返却期限のある人生

 母・律子の葬儀が終わり、結衣は黒い喪服のまま駅のホームに立っていた。冬の風がコートの隙間を抜けていく。寒いはずなのに、体の感覚がどこか遠い。
 周囲には同じように黒い服を着た親族や知人がいて、誰かが鼻をすする音が聞こえる。泣いている人もいる。結衣はその輪の中に立ちながら、どうして自分の目が乾いたままなのかを不思議に思っていた。

 悲しくないわけではない。母が死んだという事実は、頭では理解している。けれど胸の奥が動かない。まるで感情だけが、葬儀場の外に置き去りにされてきたようだった。

 ちゃんとした娘だったはずなのに。
 そう思うたび、胸の中に薄い膜が張る。母の言葉を守り、迷惑をかけず、期待を裏切らず、正しい道を選んできた。泣くべきときに泣くことも、きっとその中に含まれていたはずなのに、涙は出てこない。
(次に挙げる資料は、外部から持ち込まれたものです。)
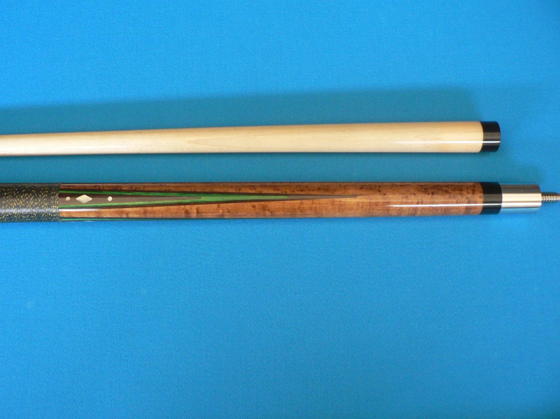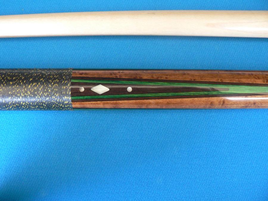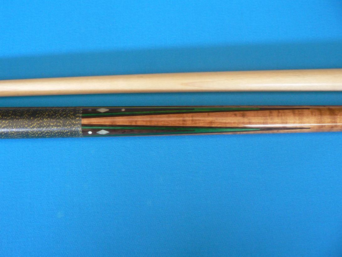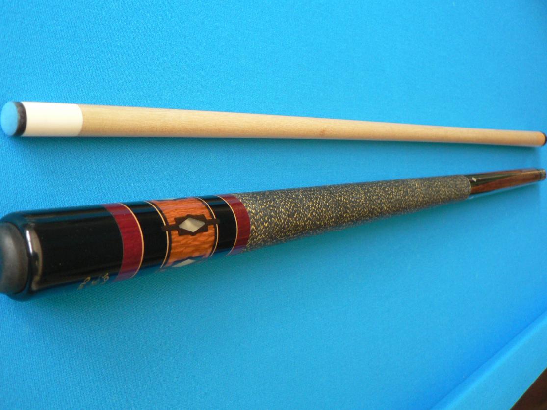 Here are some pics. It's a 4 pointer with stained BEM forearm. I appreciate any help you guys can give me. The cue is dead straight and in good condition. Only a couple of dings on the butt plate, no damage on the forearm. The finish is good and the wrap in good condition with specks well defined.
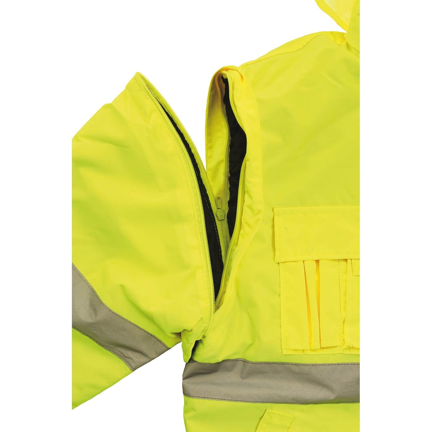 - dwa pasy odblaskowe na korpusie kurtki i dwa na rękawach

 ホームに電車が滑り込む音がして、空気が揺れた。結衣は反射的に一歩下がる。その動きさえ、誰かに教えられた通りのように感じられた。
 私は、いま何を感じているんだろう。
 問いは浮かぶのに、答えがない。悲しみの形が分からない。分からないことが、いちばん怖かった。

 電車の扉が開く。結衣は流れに押されるように乗り込む。黒いガラスに映った自分の顔は、驚くほど静かだった。泣いていないことよりも、その静けさに、結衣は小さく息を詰める。

 ――この感情は、本当に私のものだろうか。

 そんな考えがよぎった瞬間、胸の奥で何かがわずかにずれた。気のせいだと打ち消そうとしても、違和感だけが、薄く、確かに残り続けていた。